Hi Folks,
I have a bizarre issue and can’t narrow down a problem.
Agent <— > Observer.
(Observer takes the tensors and sends via async RPC)
Observer:
# agent will issue this call, and foobar_rpc put tensor from Cuda to CPU and send.
foobar_rpc():
tensor.clone().cpu()
The agent takes the future and puts asyncio queue.

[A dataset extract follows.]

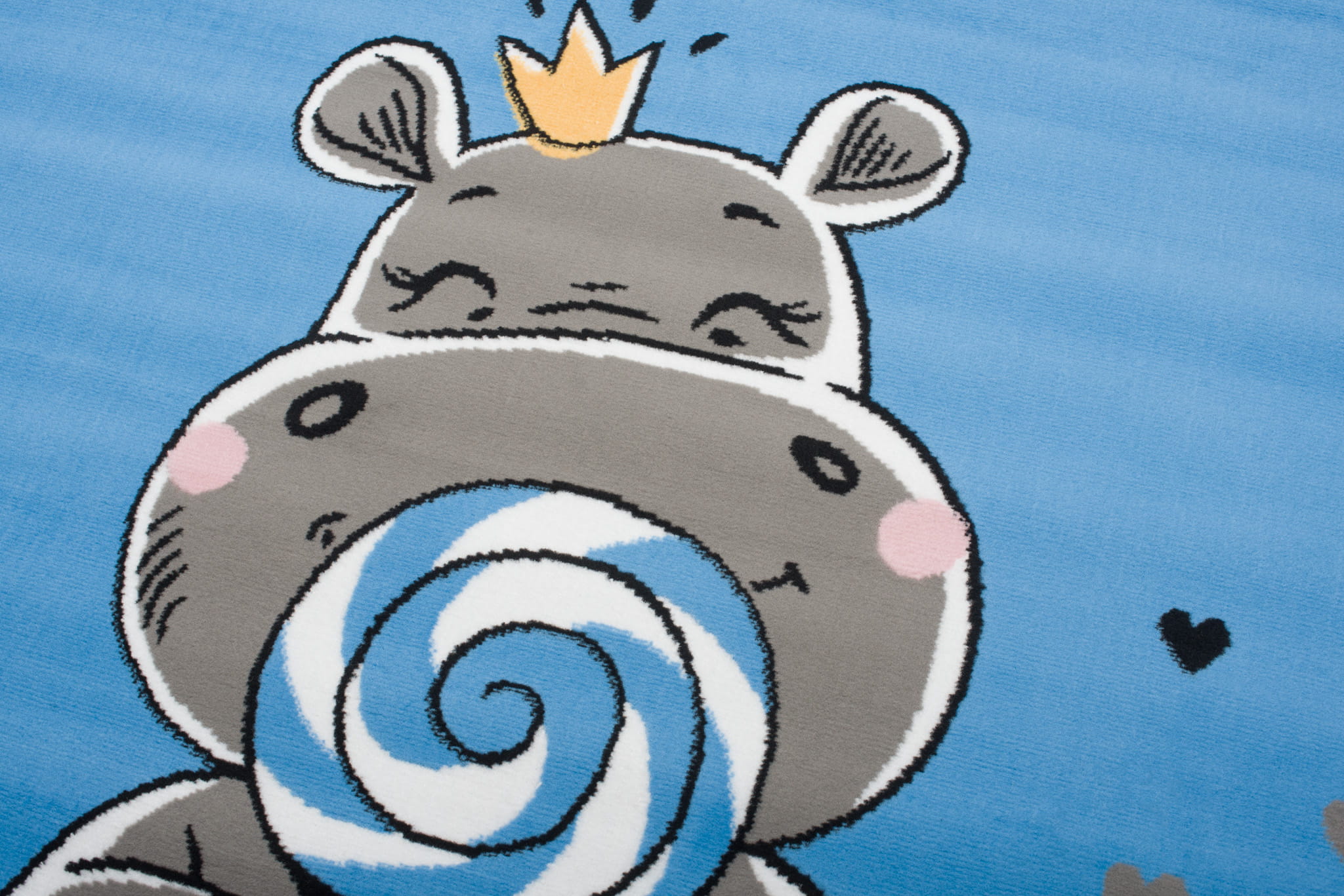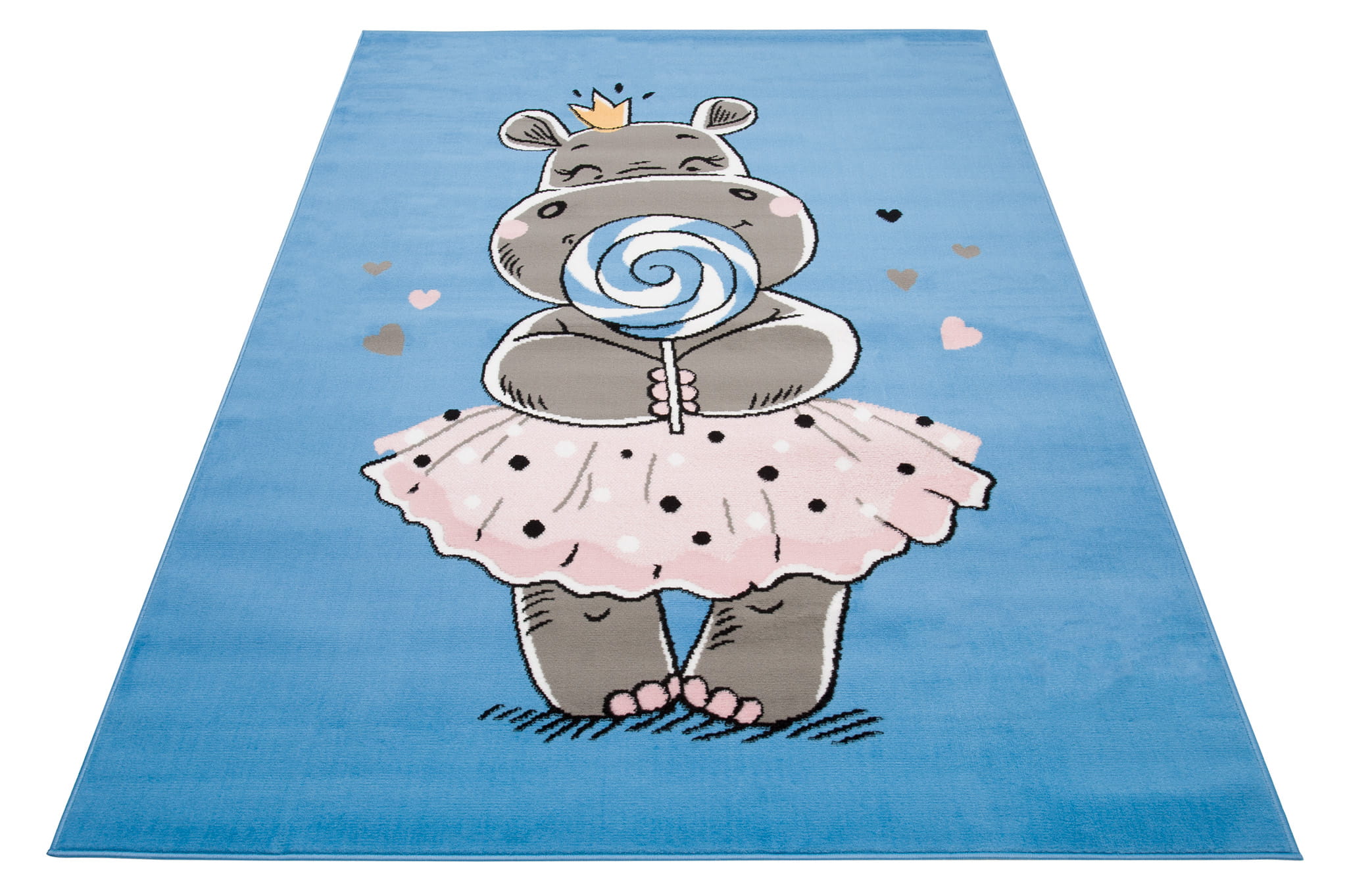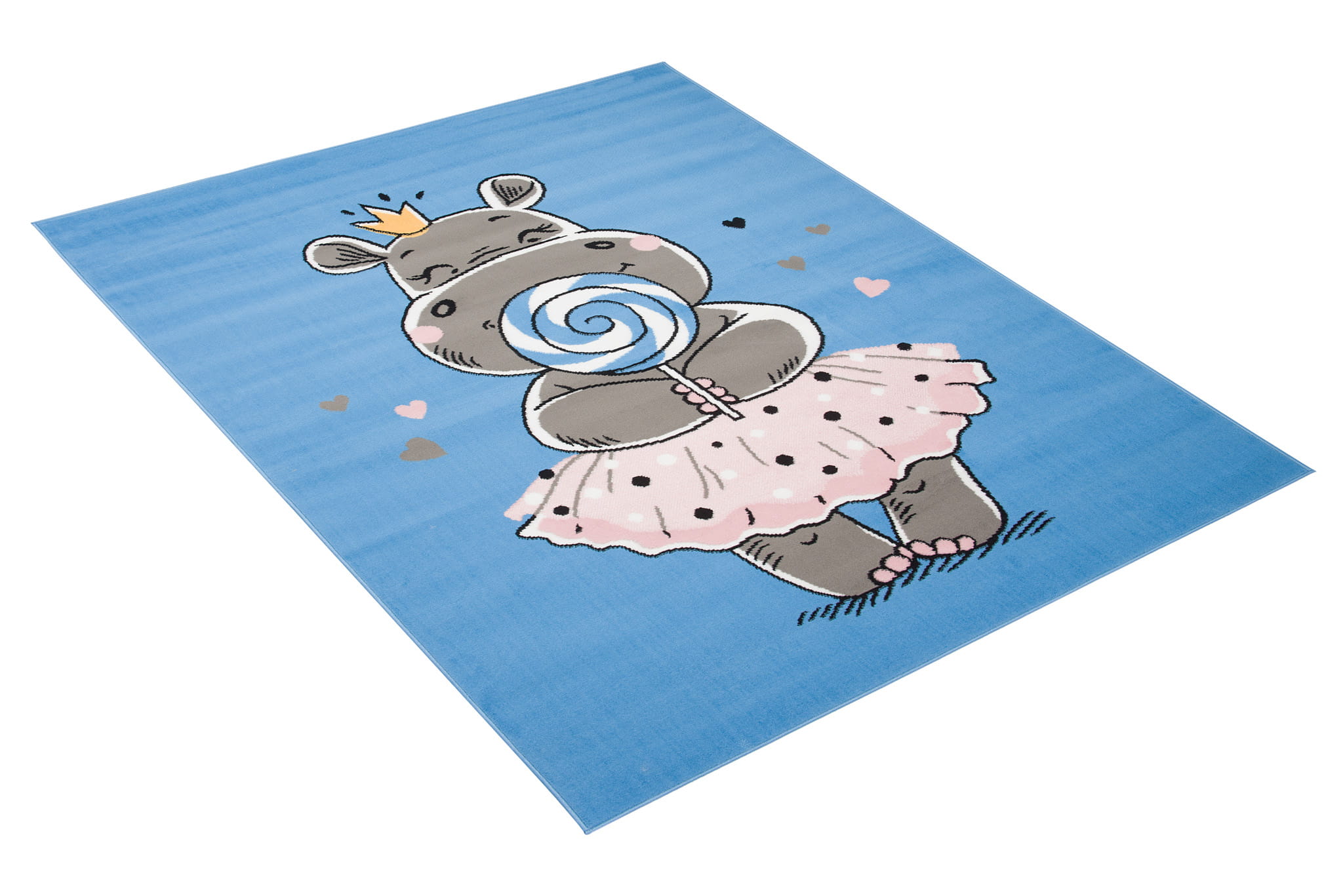 Dywan do Przedszkola KINDER HIPOPOTAM Niebieski to wyjątkowo uroczy i kolorowy akcent, który rozświetli każdą dziecięcą przestrzeń. Na tle w odcieniu nieba widnieje sympatyczny hipopotam w różowej spódniczce i z lizakiem w łapce – wzór, który wywoła uśmiech na twarzach najmłodszych i wprowadzi atmosferę beztroskiej zabawy.

Now in asyncio dequeue, does
Agent
async def the_rpc_call()
fu = rpc_async().foobar() # args etc. removed to make it clear
await THE_QUEUE.put(the_fu)
async def foo()
# skip code for a loop
the_future = THE_QUEUE.get() <- asyncio queue
the_future.wait() # wait for torch future
Val = future.value() # read value
x, y = Val ( let assume and x and y two named tuple)
i.e.,
x.rewards <-- is tensor
x.observation. <-- is tensor
x.someint <-- native python type
# If I do all good
xsum=torch.sum(x.rewards, dim
print(xsum) <-- no issue
some_dict , list etc = xsum <--- error in RPC , or blocking>
left_hand = xsum.clone() <-- error
left_hand = copy_ same error etc.
# if I try to do anything else, it either
# block or crash, or I see an error in RPC
await some_foo(x, y)
no errors. at all
It looks like somewhere in downstream code, it either has a lock, but on read-only, it works; on left-hand assignment, it fails for tensors. But if that is the case, the last call some_foo (x, y) should produce the same behavior. i.e., if I pass x and y to downstream code, I have an issue now.
Does RPC logic do anything specific deep in a library with the tensors it receives?
Thank you,